*** Exercise data ***
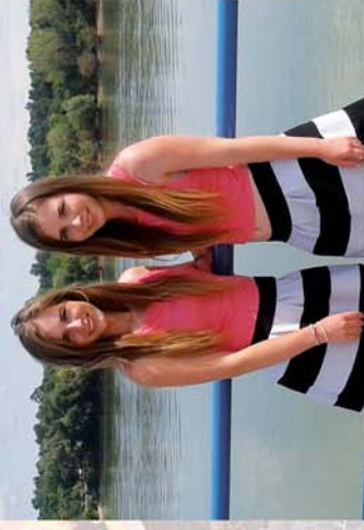
■ Országos Ikerfalalkozó
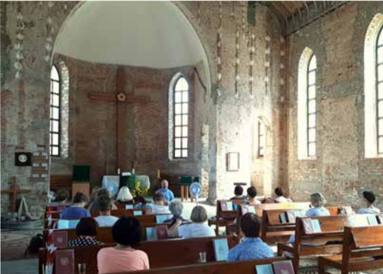
Реколлекции для общин Запорожской области проводит епископ Павел Шварц
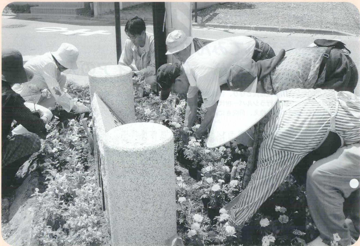
花壇づくりに精を出すボランティア
*** End of Exercise data ***
Take the listing and print it again exactly, but without any pictures.

*Task output*:
■ Országos Ikerfalalkozó
Реколлекции для общин Запорожской области проводит епископ Павел Шварц
花壇づくりに精を出すボランティア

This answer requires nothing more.